The NT’s youth crime rate is linked to an underinvestment in education, with the National Children’s Commissioner pointing to the cost of keeping children in detention instead of fixing schools.

National Children’s Commissioner Anne Hollonds. Picture: David Maurice Smith/Oculi
National Children’s Commissioner Anne Hollonds. Picture: David Maurice Smith/Oculi

The Northern Territory’s youth crime rate is linked to the territory’s underinvestment in education, says the National Children’s Commissioner, pointing to the huge cost of keeping children in detention instead of fixing schools.

Anne Hollonds, in the NT last week consulting with children and families as part of the Youth Justice and Child Wellbeing Reform, said it cost taxpayers almost $1m a year to keep a single child in custody, which could be avoided if “underlying causes” such as education were addressed.

“It is my view that we haven’t paid attention to the fact that the failings of education systems have a key role to play in the youth crime problem,” she said. “I think that the failings in one portfolio, like education, are showing up in other portfolios, like in Territory Families and youth justice.”

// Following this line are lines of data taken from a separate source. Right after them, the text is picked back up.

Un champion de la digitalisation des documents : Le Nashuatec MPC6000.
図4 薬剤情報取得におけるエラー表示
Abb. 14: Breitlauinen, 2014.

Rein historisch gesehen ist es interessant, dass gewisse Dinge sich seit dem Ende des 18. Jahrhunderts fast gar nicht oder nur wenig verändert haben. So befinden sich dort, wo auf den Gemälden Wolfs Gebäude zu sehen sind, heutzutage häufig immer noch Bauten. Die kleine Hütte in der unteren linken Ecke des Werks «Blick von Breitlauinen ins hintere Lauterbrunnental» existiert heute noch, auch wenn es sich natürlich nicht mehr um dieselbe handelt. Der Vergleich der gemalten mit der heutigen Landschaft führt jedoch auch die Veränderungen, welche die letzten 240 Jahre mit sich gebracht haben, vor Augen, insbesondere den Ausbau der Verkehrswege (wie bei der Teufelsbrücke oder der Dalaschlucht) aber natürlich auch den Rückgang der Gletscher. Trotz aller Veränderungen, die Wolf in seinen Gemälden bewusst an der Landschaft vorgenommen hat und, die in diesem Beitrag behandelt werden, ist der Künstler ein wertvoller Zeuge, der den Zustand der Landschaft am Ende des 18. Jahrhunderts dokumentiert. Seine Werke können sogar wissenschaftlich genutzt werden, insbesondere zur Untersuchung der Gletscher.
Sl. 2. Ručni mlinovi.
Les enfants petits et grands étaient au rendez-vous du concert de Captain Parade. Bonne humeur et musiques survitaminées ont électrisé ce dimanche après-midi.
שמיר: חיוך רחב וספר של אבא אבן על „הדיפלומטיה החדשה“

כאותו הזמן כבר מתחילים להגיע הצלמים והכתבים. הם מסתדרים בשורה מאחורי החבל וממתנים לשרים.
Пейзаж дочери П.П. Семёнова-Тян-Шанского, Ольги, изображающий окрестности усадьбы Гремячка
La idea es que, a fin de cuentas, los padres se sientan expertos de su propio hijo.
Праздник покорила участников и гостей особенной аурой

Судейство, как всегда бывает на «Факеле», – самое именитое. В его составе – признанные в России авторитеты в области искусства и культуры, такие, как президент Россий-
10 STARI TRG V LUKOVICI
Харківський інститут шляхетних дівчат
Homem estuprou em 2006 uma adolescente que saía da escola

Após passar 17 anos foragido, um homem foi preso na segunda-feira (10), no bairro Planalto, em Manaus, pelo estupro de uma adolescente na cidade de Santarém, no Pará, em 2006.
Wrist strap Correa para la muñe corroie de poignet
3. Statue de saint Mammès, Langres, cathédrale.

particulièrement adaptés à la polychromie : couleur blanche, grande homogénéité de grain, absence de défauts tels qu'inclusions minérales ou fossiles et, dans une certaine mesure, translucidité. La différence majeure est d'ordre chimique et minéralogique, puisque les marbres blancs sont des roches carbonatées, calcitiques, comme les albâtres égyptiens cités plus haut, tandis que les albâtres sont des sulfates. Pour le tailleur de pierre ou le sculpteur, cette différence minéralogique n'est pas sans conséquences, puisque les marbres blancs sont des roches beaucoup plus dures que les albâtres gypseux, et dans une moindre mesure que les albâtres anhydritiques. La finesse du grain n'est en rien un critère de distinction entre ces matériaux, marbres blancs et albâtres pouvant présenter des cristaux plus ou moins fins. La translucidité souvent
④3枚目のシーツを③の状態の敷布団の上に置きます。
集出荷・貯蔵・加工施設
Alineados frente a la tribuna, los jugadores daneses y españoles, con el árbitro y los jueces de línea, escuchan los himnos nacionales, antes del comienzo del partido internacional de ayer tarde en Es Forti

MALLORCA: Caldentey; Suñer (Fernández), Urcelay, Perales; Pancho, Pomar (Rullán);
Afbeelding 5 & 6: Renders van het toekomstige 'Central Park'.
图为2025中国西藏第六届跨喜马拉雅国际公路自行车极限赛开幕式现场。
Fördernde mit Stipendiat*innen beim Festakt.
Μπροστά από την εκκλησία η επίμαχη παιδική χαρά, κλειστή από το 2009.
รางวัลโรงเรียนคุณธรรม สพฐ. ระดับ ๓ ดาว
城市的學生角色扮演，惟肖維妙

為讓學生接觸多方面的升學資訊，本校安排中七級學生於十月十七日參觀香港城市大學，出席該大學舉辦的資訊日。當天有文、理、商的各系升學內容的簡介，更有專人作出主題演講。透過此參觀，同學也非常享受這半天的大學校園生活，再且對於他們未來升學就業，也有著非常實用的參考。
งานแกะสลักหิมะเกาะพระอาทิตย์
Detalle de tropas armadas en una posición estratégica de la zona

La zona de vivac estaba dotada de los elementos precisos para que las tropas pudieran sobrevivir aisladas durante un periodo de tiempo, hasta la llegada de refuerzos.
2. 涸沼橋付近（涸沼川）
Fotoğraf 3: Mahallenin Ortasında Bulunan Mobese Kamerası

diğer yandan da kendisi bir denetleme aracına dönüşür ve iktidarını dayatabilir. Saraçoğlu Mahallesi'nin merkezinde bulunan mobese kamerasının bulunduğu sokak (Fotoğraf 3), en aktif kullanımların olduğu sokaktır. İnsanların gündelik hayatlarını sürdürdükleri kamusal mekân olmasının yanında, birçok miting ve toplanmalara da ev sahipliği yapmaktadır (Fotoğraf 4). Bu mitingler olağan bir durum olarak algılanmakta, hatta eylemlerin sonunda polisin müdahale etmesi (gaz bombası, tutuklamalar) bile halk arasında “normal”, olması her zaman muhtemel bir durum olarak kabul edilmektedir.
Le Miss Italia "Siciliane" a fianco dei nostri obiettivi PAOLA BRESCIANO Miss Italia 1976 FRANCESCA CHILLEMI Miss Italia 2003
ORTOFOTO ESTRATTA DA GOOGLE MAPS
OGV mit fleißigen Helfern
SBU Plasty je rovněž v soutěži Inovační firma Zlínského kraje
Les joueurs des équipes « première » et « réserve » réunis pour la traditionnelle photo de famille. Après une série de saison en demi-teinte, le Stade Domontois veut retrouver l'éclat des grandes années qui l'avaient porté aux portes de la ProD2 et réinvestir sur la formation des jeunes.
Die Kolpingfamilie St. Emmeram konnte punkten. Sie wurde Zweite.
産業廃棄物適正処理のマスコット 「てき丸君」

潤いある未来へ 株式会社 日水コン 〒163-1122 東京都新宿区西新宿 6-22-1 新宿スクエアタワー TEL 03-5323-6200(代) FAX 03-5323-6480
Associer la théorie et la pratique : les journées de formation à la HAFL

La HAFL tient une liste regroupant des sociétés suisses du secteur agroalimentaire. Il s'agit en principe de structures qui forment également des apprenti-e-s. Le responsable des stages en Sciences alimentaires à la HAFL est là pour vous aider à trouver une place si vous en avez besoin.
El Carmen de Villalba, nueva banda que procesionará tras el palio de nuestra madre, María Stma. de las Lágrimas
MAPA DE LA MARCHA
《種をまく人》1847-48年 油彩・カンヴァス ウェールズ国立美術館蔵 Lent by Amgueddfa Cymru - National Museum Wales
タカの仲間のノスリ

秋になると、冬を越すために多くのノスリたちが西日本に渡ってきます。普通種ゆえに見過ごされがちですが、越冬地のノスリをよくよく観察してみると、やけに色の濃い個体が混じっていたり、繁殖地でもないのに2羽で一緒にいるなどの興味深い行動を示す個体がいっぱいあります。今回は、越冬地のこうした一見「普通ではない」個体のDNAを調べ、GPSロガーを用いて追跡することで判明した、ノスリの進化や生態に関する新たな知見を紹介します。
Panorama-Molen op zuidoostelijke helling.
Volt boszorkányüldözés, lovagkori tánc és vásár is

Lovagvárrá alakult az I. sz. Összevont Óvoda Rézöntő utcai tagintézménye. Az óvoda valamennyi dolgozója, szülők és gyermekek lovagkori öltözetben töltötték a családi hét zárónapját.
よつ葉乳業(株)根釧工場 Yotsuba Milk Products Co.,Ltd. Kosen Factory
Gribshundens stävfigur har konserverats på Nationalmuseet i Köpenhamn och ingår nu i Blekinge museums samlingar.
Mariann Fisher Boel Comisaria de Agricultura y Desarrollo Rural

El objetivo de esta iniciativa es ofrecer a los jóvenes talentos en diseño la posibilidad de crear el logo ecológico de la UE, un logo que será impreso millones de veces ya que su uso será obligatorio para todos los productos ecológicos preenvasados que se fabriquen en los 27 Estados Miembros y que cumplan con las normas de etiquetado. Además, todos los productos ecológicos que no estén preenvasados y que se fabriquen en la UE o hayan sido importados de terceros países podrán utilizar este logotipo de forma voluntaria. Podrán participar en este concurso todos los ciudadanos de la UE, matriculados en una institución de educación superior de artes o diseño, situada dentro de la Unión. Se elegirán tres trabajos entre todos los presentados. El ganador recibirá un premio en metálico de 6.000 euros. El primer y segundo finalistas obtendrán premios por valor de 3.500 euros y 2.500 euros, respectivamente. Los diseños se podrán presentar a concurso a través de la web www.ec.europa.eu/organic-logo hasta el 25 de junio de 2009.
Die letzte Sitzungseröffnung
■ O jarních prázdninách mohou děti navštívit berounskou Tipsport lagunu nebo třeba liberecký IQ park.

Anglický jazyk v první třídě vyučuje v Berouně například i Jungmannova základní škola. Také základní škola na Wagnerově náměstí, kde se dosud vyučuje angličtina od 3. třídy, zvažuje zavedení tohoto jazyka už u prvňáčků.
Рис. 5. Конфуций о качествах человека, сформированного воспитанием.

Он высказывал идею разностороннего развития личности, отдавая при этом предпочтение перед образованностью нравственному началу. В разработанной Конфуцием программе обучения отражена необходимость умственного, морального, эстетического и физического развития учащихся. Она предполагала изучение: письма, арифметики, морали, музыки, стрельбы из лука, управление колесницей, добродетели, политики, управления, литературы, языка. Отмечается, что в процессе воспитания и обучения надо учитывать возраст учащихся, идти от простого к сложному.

Australia needs to address the youth crime crisis

The Australian’s NT Schools in Crisis series exposed serious failings in the Territory’s education system, including that 78 remote communities have no access to local secondary education.

It revealed several communities had no schools, and in some remote homelands, students received a teacher only one or two days a week; classrooms had no access to power or water.

Ms Hollonds, who said she supports the idea of a national Indigenous children’s commissioner, said access to education was critical in keeping young people out of detention in the NT.

SNAICC, the national peak body for Indigenous children and families, and Indigenous organisations last week called for a nat­ional Indigenous children’s com­missioner instead of a royal commission into child abuse as proposed by the federal ­Coalition.

“We’re seeing kids … from backgrounds of complex issues, poverty, disadvantage, trauma, come through child protection – they’re the ones that end up in Don Dale and they keep coming back to those youth prisons repeatedly,” Ms Hollonds said.

The Australian understands 45 young people are incarcerated at Darwin’s Don Dale youth detention centre, all Indigenous.

Ms Hollonds said ultimately incarceration did not divert people from crime. “The toughest ­jurisdictions continue to have the worst youth crime,” she said.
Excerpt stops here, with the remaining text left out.